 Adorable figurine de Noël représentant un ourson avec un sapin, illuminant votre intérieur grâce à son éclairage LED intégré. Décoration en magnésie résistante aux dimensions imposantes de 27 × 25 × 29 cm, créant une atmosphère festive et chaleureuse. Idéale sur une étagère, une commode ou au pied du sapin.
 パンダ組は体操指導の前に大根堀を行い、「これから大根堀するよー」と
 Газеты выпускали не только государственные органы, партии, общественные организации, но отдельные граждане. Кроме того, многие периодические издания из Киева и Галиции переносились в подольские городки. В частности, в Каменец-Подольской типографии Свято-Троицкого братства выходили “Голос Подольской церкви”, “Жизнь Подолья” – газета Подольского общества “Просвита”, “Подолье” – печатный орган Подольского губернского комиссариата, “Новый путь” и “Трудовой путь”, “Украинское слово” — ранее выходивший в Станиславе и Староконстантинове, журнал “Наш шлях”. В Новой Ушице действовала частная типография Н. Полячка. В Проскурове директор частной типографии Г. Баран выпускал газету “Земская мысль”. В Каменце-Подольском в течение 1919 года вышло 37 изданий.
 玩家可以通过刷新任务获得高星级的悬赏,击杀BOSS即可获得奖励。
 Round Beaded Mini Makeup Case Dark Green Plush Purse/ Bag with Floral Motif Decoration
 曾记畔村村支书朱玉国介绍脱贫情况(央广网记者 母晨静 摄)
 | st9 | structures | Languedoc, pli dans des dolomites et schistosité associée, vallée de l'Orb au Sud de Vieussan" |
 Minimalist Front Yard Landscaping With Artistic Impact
--
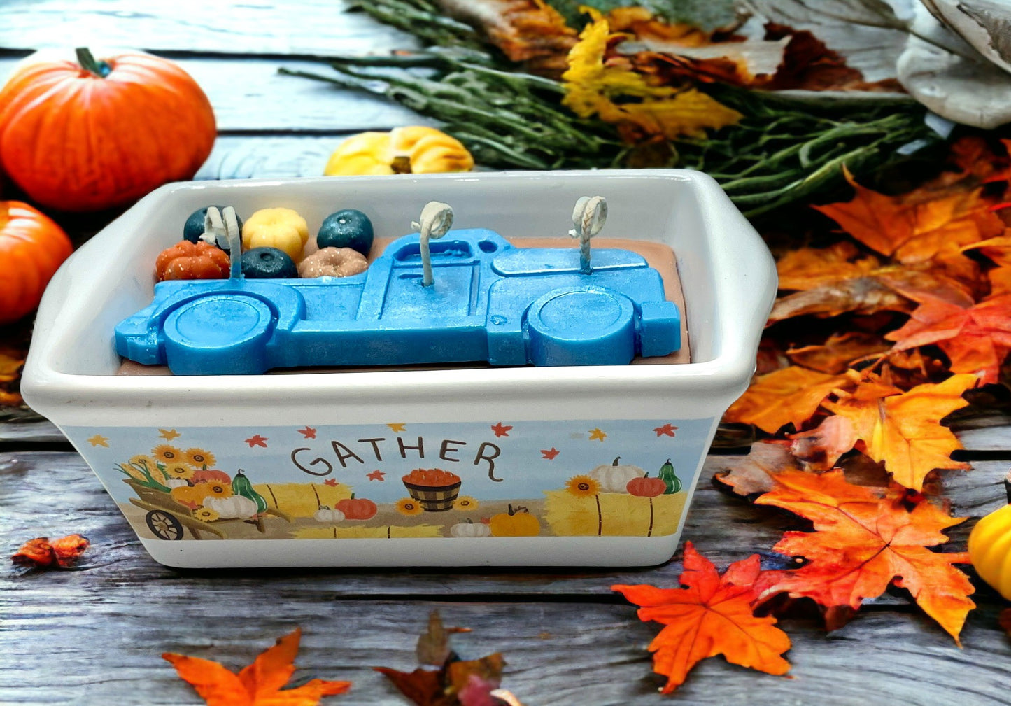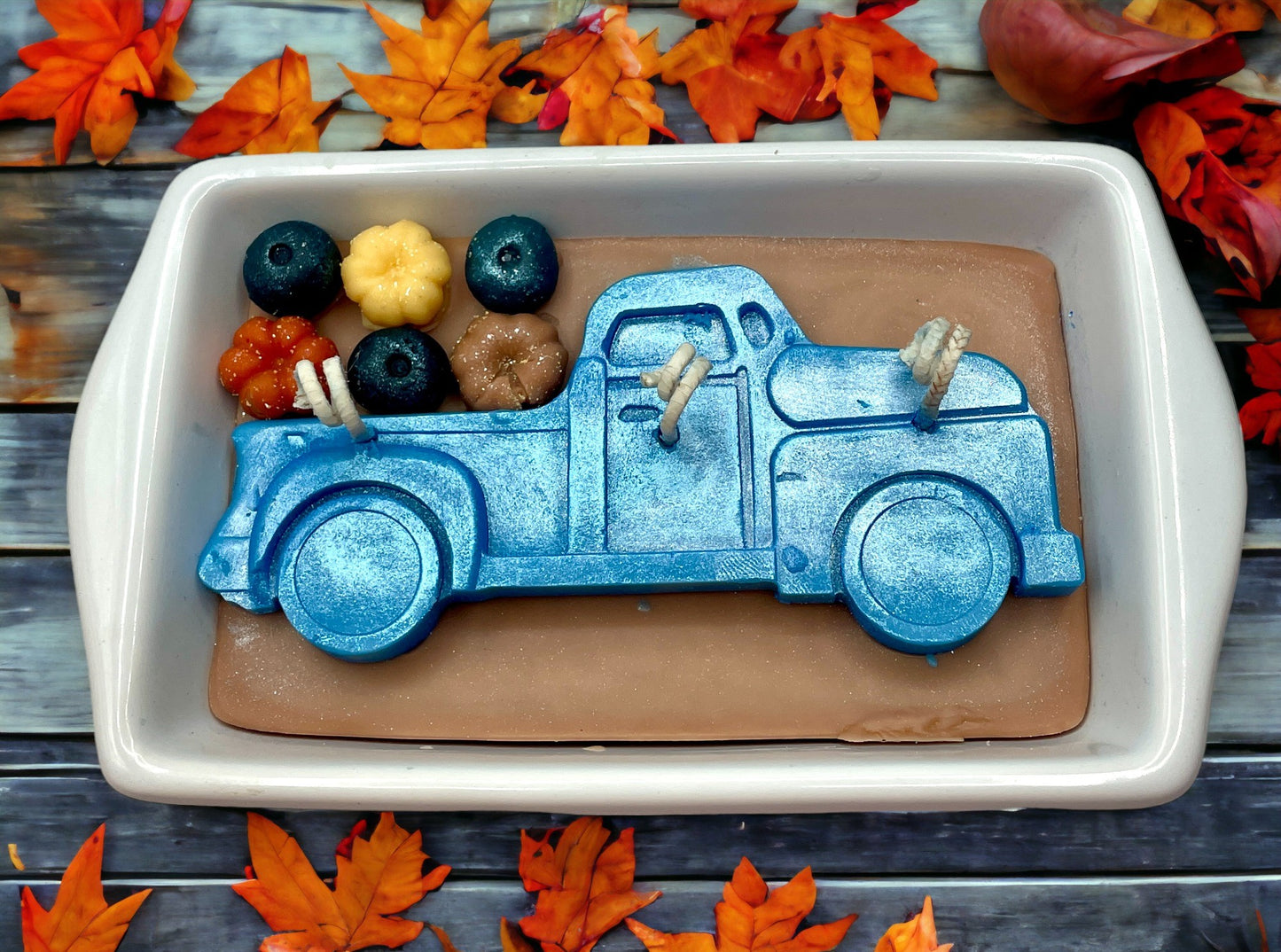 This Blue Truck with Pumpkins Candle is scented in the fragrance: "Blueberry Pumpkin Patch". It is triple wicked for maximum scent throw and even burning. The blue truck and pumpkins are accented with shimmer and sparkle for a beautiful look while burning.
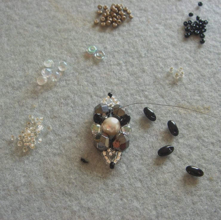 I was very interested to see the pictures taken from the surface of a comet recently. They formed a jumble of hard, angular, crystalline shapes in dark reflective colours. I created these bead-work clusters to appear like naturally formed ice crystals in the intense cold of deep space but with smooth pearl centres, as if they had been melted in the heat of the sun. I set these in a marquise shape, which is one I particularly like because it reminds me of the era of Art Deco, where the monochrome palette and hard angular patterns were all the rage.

Problem description: Above are the records; print exactly the lines from the line with "Adorable figurine de" to the line with "パンダ組は体操指導の前に大根堀を行い、「これから大根堀するよー」と", including both, and nothing else.

The completed task:
 Adorable figurine de Noël représentant un ourson avec un sapin, illuminant votre intérieur grâce à son éclairage LED intégré. Décoration en magnésie résistante aux dimensions imposantes de 27 × 25 × 29 cm, créant une atmosphère festive et chaleureuse. Idéale sur une étagère, une commode ou au pied du sapin.
 パンダ組は体操指導の前に大根堀を行い、「これから大根堀するよー」と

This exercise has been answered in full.